According to a posthumous memoir of Mrs. Cressy published ca. 1870 by the Baltimore Tract House, George Cressy attended the Congregational Church on Eutaw Street, while his wife was a member of the South Baltimore Presbyterian Church, a mission of the First Presbyterian Church overseen by Rev. J. H. Kaufman (William Reynolds, A Brief History of the First Presbyterian Church of Baltimore, 1913, pg. 67).

They must often have been apart. During the Civil War, George Cressy joined the Maryland Committee of the United States Christian Commission. The Commission’s aim was to bring religion to the soldiers, but the best of these workers did so through compassionate generosity. Commission members supplied food, clothing, books, letter-writing paper along with prayers, exhortations, religious tracts and Bibles.

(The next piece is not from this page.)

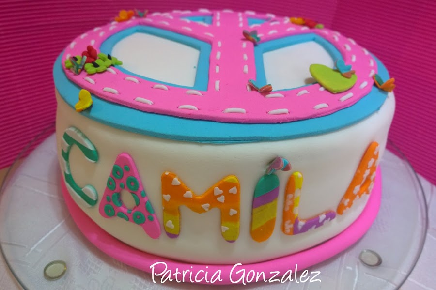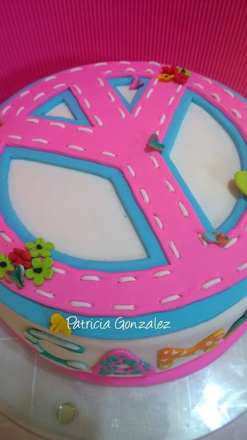 Hoy traigo una torta con el símbolo de la Paz, fue a pedido de una mamá de una compañera de escuela mi hija, me encanto mucho, los apliques y detalles están hechos de con pasta de goma, forrada con fondant, con un bizcochuelo, de chocolate rellena con crema de marroc, y dulce de leche..

Cressy spent a good portion of his time visiting wounded and sick soldiers in the Washington hospitals. In 1864’s annual Commission report, Cressy related that “we held two prayer meetings weekly at the National Hospital on Thursday and Sabbath evenings. Some have been well-attended; others, thinly” (Second Annual Report of the United States Christian Commission, 1864, pg.94).

They passed out copious quantities of “tracts, books, etc.,” and Cressy reported a few spiritual successes. “We have been encouraged by several instances of hopeful conversion from these efforts, through the blessing of our Heavenly Father” (USCC Annual Report, pg. 95).

Cressy and his fellow committee members also visited the fortifications and encampments around Baltimore, finding great need for basic supplies, and distributing to the troops “boiled hams, bread, crackers, cheese, condensed milk, tea, sugar, coffee, lemons, etc.,” paying special attention to the sick (Cross, The Civil War and the US Christian Commission, 1865).

Cressy stressed the urgent need for supplies at the hospitals: “Your Committee are of the opinion that the Christian Commission could not do a better work than to obtain from the proper authorities, to all our hospitals, the much needed suitable nourishment for the sick and convalescent” (Cross, pg. 149).

To his nephew, Nelson Newton Glazier of the 11th Vermont Infantry, son of John Newton Glazier and Phoebe (Cass) Glazier, Cressy was simply “Uncle George,” a welcome face from home. Cressy visited Glazier in camp near Fort Lincoln several times in 1862, bringing news from home as well as comestibles including:

“a nice loaf of wheat bread not yet cold from the oven in Baltimore, a splendid sponge cake made by Aunt Mary – Uncle George’s wife – some nice cookies; a lemon pudding and a cocoa pudding; two nice apple pies; a frosted fruit cake . . . three glasses of jellies or preserves; some very nice apples; and a lot of excellent pickles; a chicken already cooked; besides a lot of papers, tracts, etc. To be sure one man no larger than Uncle George could not bring everything, as he had to bring it by hand from the depot” (from the letters of Nelson Newton Glazier, part of Vermont in the Civil War).

Mary Bayley Cressy died in 1868. According to LeRoy Cressy’s Cressy Family website, George spent 35 years in Baltimore, beginning in 1854,  then returned to Vermont. The 1900 census finds the old missionary living with his sister Hannah Cressy in the home of their niece, Betsey Kingsbury.

According to the Baltimore American newspaper, George Newton Cressy died on 20 April 1905, in Bondville, Vermont.